# My '10 Wyoming antelope Pics



## wyogoose (Feb 11, 2006)

Well this is the first year in five years that I have not killed my antelope with my bow. It was a long story but when it comes down to it, we were put in for the wrong area and ended up having to hunt in a really open area with a ton of water. This made the archery game very tought. I gave it a run but came up empty. Well we came home from elk camp a day early so as to be home for opening day of rifle for antelope. I knew where I wanted to be and made it there at first light and spotted several nice bucks and after a few hours I decided on the one i wanted.
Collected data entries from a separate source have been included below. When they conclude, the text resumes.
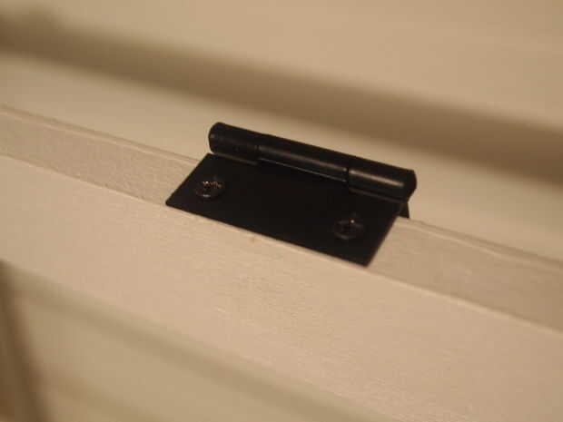 Perforar agujeros en el borde inferior de la Junta de la parte inferior del bastidor rack secado para las bisagras. Atornille las bisagras en la parte inferior del bastidor rack secado con los tornillos suministrados. Alinee el marco estante Secado en el bastidor del respaldo y marque con lápiz por los agujeros de la bisagra. Perforar agujeros en el tablero inferior del armazón trasero. Atornille las bisagras con los tornillos suministrados.
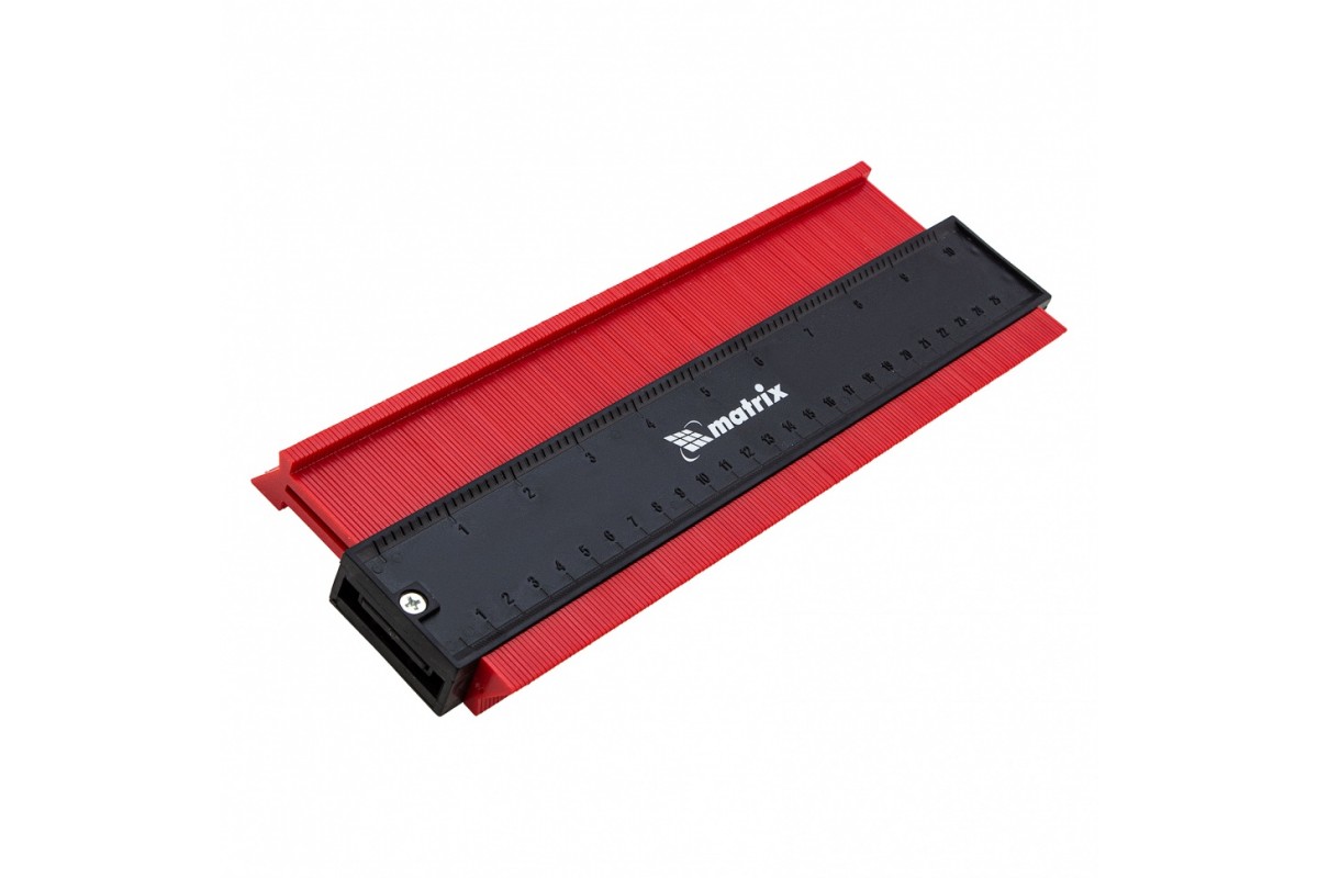 Пластиковый шаблон для копирования профиля Matrix 88104 предназначен для копирования и переноса контуров различных форм. Шаблон необходим для точной подрезки отделочных материалов (ламинат, линолеум, кафельная плитка, гипсокартон и др.) при обходе труб водоснабжения, углов и других рельефных препятствий. Перенос контуров осуществляется при помощи выдвижных пластиковых пластин. Шаблон оснащен измерительной шкалой длиной 25 см.
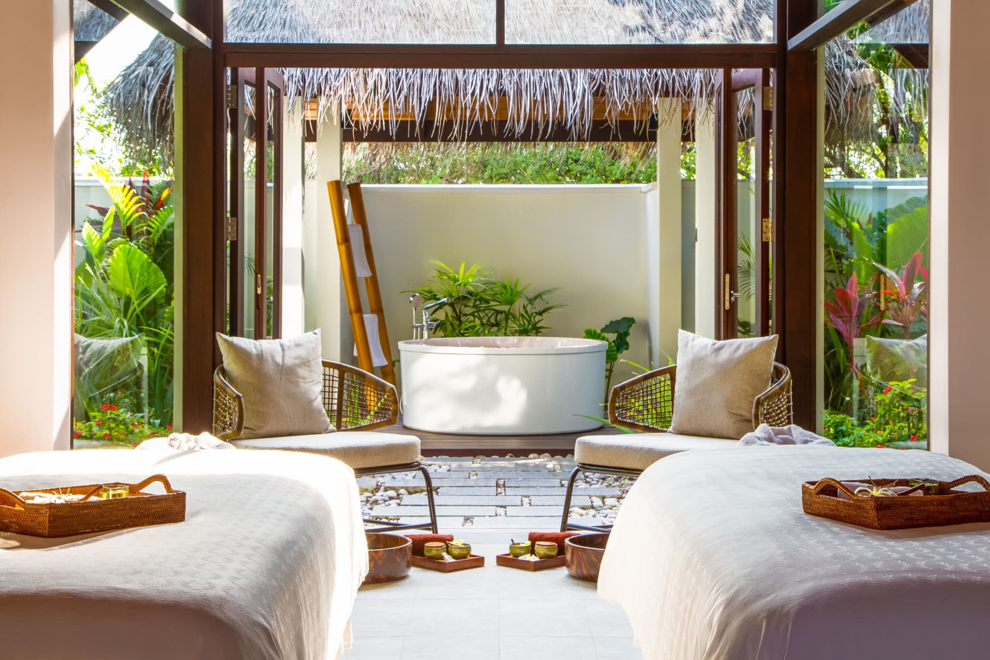 На территории работает бесплатный Wi-Fi. Номера отеля оформлены в традиционном мальдивском стиле и обставлены современной мебелью. Из их окон открывается вид на сад, пляж или море. Для комфортного отдыха гостей все номера оборудованы кондиционером. В числе удобств также мини-бар и телевизор с плоским экраном, транслирующий китайские каналы. Ванная комната оснащена ванной или душем и укомплектована тапочками и набором для ухода за зубами. Кроме того, гостям предоставляется китайский чай и услуги круглосуточной доставки еды и напитков в номер.

After a 300 yd belly crawl I got as close as I could and the herd started to get nervous so I set up for the shot. I ranged him at 502 yds and let the bullet go. The 180gr Swift Scirocco from my 7 mag hit home and he dropped in his tracks. Enjoy the pics!!


----------



## wurgs (Mar 3, 2008)

helluva shot! nice buck.


----------



## moneyshot27 (Jan 13, 2009)

nice goat. what area and what'd he score? my girlfriend and i just nailed our goats and mulies this weekend between gillette and buffalo. i'll get some pics up when i get the chance/remember how to put pics on here. by the way that's a hell of a shot. looks like your goat has pretty solid mass to him too.


----------



## wyogoose (Feb 11, 2006)

Sorry about the pics I didn't see that they got cut off on the right side when I put them on here. I shot him in area 42 over by Rock River. He had decent length and mass but his diggers were pretty small. I rough scored him the other day and got 73 7/8".


----------



## texcl (Oct 6, 2007)

that a nice animal. I drew a ND tag 3 or 4 years ago but was unable to go because of some unexpected issues at work, it just kills me I was unable to go. hopefully the herd will recover and I'll get another shot someday.


----------